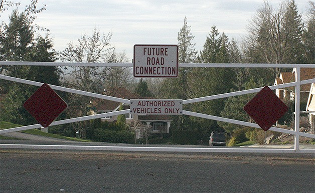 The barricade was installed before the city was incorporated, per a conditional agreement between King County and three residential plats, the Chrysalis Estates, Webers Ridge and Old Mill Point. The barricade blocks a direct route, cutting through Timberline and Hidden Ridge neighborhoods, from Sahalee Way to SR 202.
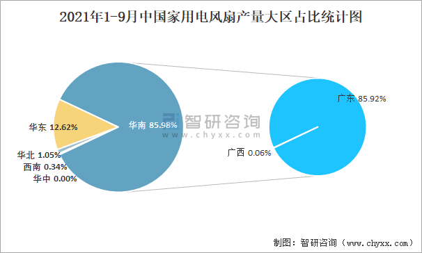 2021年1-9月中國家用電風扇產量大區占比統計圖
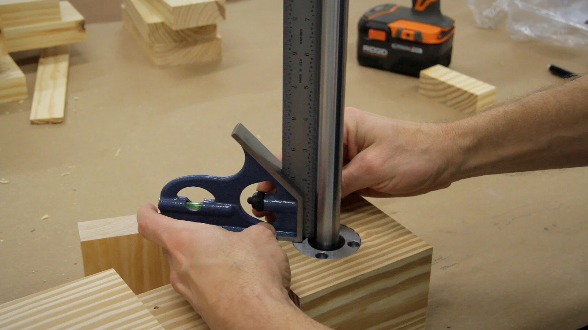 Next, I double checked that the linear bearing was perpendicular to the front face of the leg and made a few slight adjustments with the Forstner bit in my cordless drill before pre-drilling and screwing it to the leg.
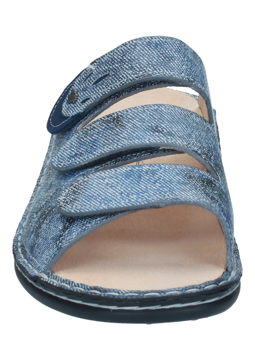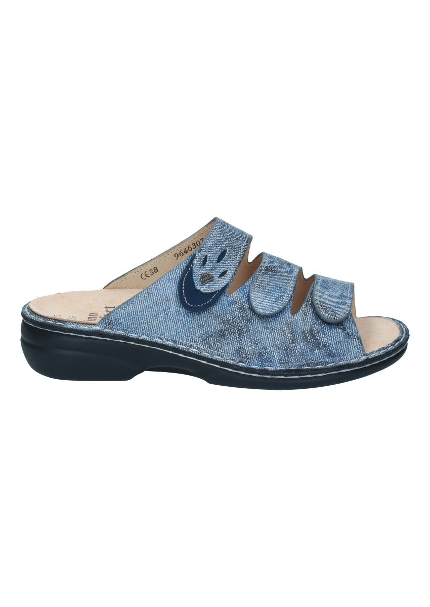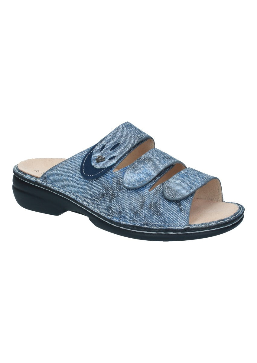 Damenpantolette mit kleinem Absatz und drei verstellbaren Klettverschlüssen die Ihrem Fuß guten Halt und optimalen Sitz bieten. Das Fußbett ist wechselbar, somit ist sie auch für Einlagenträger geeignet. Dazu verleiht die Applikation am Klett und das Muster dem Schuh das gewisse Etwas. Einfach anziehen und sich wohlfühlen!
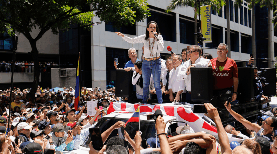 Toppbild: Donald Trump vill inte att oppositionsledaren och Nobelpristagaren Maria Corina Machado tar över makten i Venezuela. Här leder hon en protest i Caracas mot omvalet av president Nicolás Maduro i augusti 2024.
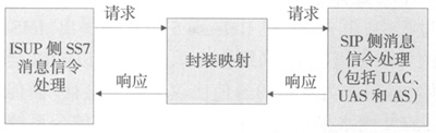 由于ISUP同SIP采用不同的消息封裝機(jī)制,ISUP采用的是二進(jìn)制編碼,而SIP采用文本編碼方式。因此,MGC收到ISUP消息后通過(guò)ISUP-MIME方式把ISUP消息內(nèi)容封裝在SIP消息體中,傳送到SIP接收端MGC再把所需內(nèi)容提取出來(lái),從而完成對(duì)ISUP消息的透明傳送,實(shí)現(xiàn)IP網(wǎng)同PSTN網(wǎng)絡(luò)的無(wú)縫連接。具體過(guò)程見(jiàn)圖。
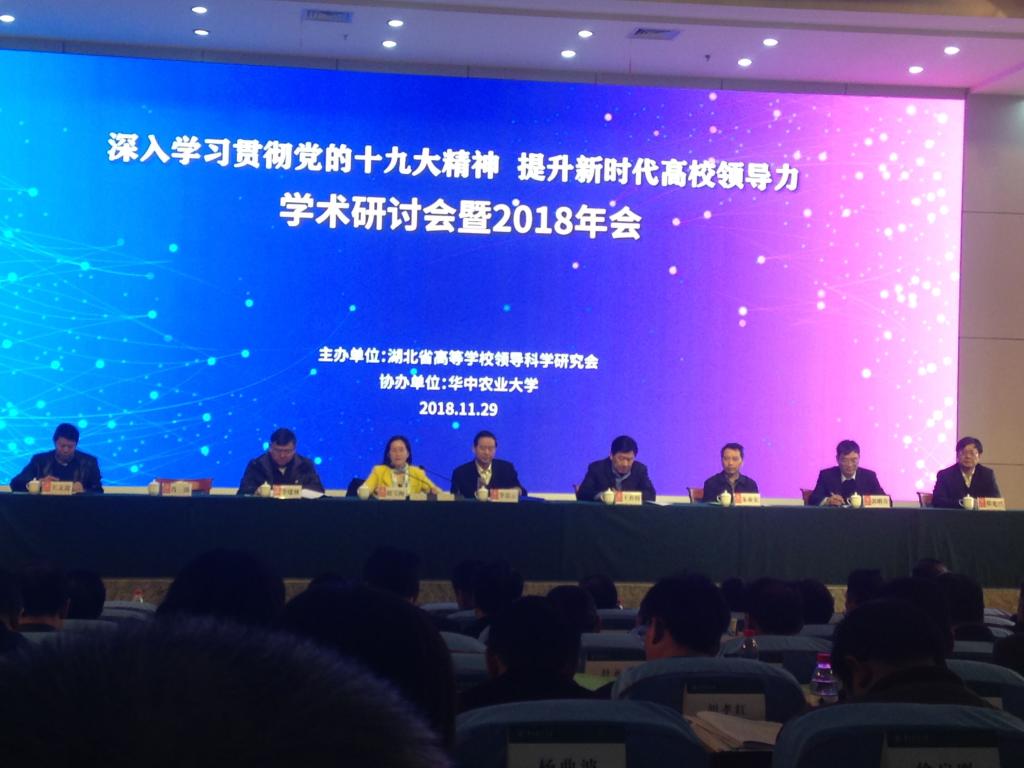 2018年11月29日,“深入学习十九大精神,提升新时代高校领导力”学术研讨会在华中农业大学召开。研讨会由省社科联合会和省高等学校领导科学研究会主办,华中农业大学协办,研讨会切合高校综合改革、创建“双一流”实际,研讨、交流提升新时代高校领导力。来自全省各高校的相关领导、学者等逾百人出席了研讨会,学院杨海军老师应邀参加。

- INSTRUCTIONS FOR THE TASK -
Repeat the records above word for word, apart from the pictures.

- TASK ANSWER -
 The barricade was installed before the city was incorporated, per a conditional agreement between King County and three residential plats, the Chrysalis Estates, Webers Ridge and Old Mill Point. The barricade blocks a direct route, cutting through Timberline and Hidden Ridge neighborhoods, from Sahalee Way to SR 202.
 2021年1-9月中國家用電風扇產量大區占比統計圖
 Next, I double checked that the linear bearing was perpendicular to the front face of the leg and made a few slight adjustments with the Forstner bit in my cordless drill before pre-drilling and screwing it to the leg.
 Damenpantolette mit kleinem Absatz und drei verstellbaren Klettverschlüssen die Ihrem Fuß guten Halt und optimalen Sitz bieten. Das Fußbett ist wechselbar, somit ist sie auch für Einlagenträger geeignet. Dazu verleiht die Applikation am Klett und das Muster dem Schuh das gewisse Etwas. Einfach anziehen und sich wohlfühlen!
 Toppbild: Donald Trump vill inte att oppositionsledaren och Nobelpristagaren Maria Corina Machado tar över makten i Venezuela. Här leder hon en protest i Caracas mot omvalet av president Nicolás Maduro i augusti 2024.
 由于ISUP同SIP采用不同的消息封裝機(jī)制,ISUP采用的是二進(jìn)制編碼,而SIP采用文本編碼方式。因此,MGC收到ISUP消息后通過(guò)ISUP-MIME方式把ISUP消息內(nèi)容封裝在SIP消息體中,傳送到SIP接收端MGC再把所需內(nèi)容提取出來(lái),從而完成對(duì)ISUP消息的透明傳送,實(shí)現(xiàn)IP網(wǎng)同PSTN網(wǎng)絡(luò)的無(wú)縫連接。具體過(guò)程見(jiàn)圖。
 2018年11月29日,“深入学习十九大精神,提升新时代高校领导力”学术研讨会在华中农业大学召开。研讨会由省社科联合会和省高等学校领导科学研究会主办,华中农业大学协办,研讨会切合高校综合改革、创建“双一流”实际,研讨、交流提升新时代高校领导力。来自全省各高校的相关领导、学者等逾百人出席了研讨会,学院杨海军老师应邀参加。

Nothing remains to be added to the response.